In the data, extract each line that holds the string "this".
#### Supplied material
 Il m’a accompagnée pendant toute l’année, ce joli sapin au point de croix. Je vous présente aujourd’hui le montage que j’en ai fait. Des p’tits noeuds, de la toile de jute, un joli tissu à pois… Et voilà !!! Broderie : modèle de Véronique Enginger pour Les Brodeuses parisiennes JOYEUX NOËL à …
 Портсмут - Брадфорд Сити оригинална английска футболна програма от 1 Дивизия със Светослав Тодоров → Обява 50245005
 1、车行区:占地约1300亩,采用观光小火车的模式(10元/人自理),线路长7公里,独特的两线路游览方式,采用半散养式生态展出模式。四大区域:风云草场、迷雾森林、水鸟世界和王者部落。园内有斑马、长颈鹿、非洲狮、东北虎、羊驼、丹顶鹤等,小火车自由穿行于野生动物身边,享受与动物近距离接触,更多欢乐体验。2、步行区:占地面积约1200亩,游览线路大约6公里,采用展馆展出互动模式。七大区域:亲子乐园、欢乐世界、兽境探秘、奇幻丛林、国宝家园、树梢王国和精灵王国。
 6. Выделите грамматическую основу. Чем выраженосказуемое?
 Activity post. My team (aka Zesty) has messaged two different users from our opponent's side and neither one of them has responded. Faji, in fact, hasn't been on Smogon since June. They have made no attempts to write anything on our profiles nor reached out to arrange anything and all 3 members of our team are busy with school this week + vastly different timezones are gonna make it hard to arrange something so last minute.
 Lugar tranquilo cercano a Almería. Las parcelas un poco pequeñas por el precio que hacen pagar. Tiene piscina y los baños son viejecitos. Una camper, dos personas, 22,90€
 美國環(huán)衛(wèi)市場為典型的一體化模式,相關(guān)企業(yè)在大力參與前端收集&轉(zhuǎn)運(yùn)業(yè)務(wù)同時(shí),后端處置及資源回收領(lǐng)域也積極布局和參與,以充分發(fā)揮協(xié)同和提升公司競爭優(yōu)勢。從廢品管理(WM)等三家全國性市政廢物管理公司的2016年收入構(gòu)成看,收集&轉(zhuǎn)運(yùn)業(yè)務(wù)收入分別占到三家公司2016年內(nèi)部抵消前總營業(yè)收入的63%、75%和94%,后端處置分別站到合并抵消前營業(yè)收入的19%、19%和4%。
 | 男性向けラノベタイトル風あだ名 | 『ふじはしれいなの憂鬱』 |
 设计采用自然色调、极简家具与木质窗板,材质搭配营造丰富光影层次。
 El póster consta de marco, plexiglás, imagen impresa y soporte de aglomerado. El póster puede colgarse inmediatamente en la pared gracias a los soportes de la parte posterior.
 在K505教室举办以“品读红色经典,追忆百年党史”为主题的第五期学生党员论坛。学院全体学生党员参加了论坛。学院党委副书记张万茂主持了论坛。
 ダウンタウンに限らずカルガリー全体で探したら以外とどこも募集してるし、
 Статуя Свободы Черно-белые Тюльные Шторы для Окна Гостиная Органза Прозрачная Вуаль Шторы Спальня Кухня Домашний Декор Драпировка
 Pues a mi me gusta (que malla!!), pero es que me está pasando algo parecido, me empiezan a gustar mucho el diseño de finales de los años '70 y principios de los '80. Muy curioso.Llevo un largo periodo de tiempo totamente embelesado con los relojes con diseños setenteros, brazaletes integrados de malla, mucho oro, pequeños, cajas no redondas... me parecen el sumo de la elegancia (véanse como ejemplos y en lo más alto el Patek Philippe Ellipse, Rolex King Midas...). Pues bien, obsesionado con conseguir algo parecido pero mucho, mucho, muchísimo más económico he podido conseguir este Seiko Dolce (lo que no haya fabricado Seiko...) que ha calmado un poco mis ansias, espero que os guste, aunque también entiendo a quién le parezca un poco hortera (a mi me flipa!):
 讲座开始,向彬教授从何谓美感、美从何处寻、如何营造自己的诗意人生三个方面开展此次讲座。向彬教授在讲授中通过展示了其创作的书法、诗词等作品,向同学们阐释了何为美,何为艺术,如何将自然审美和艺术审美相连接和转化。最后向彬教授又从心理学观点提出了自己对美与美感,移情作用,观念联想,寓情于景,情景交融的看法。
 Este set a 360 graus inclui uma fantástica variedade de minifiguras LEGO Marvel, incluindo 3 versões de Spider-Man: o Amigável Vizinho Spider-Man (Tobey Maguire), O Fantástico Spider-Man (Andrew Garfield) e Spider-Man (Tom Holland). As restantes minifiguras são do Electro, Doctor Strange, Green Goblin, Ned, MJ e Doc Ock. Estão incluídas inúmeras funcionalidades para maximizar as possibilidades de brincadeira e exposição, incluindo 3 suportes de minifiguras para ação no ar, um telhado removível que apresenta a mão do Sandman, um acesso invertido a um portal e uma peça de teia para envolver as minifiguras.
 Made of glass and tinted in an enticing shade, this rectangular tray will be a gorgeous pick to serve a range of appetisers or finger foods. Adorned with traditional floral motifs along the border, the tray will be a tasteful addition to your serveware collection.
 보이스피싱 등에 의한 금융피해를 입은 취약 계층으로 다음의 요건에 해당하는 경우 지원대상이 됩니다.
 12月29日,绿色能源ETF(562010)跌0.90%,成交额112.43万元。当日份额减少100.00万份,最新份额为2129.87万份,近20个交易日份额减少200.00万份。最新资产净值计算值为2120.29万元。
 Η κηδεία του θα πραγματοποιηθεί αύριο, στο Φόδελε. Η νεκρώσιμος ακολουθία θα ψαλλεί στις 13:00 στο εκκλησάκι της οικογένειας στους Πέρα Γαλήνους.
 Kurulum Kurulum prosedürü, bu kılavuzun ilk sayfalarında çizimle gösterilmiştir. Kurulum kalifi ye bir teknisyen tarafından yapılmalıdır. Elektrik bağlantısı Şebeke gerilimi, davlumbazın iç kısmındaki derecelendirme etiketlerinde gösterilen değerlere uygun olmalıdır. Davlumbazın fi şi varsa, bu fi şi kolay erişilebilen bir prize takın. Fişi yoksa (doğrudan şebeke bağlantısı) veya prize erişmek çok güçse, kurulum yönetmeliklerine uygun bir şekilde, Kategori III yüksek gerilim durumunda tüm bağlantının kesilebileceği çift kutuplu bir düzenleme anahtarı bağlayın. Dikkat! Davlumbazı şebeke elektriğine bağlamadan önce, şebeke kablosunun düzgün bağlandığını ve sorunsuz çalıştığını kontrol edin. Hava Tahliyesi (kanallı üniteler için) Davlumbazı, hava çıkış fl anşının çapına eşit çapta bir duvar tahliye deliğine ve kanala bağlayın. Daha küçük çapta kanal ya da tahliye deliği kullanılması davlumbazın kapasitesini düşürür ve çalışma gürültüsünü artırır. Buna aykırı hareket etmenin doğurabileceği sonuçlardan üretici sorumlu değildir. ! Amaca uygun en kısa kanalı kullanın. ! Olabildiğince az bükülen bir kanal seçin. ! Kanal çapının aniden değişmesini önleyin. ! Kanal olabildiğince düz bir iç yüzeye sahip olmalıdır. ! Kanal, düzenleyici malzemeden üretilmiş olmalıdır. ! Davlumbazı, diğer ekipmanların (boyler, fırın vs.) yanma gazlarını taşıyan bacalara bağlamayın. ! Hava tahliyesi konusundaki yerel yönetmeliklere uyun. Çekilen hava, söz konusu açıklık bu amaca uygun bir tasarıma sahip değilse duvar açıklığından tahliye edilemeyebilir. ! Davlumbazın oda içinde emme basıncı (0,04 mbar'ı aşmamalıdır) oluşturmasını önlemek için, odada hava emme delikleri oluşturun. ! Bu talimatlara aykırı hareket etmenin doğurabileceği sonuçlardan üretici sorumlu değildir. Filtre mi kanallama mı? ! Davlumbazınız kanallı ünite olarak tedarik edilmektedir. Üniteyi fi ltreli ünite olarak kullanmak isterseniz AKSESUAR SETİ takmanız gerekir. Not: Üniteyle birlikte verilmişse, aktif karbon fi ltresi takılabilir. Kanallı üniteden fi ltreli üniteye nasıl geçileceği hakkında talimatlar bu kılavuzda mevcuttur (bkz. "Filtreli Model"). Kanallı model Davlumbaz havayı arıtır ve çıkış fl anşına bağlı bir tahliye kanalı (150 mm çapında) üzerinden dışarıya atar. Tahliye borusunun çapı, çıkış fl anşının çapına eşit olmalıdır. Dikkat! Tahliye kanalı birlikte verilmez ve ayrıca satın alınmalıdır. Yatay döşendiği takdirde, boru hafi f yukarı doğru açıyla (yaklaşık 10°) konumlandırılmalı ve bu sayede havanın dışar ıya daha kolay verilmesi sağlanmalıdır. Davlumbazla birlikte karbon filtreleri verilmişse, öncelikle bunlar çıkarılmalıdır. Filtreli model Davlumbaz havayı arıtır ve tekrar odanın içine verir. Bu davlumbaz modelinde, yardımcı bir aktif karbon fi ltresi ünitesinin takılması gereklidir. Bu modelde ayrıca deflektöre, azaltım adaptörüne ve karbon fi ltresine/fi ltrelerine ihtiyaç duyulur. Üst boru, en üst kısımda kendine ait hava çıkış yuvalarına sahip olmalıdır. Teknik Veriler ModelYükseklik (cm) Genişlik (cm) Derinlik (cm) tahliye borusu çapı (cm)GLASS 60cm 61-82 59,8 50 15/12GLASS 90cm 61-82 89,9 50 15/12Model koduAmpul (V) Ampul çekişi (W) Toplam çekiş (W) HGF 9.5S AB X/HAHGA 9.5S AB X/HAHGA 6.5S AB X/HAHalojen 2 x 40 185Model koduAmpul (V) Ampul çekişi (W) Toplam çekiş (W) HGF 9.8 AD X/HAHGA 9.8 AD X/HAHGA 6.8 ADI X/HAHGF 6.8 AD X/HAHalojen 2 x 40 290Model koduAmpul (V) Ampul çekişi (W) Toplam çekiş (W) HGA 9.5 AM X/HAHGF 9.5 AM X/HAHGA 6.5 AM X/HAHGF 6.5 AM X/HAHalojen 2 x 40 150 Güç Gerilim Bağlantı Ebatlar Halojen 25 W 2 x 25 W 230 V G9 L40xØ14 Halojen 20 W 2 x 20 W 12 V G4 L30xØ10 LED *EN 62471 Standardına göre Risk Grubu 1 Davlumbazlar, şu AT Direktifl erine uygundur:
########
• _Solved exercise_:
 Activity post. My team (aka Zesty) has messaged two different users from our opponent's side and neither one of them has responded. Faji, in fact, hasn't been on Smogon since June. They have made no attempts to write anything on our profiles nor reached out to arrange anything and all 3 members of our team are busy with school this week + vastly different timezones are gonna make it hard to arrange something so last minute.
 Made of glass and tinted in an enticing shade, this rectangular tray will be a gorgeous pick to serve a range of appetisers or finger foods. Adorned with traditional floral motifs along the border, the tray will be a tasteful addition to your serveware collection.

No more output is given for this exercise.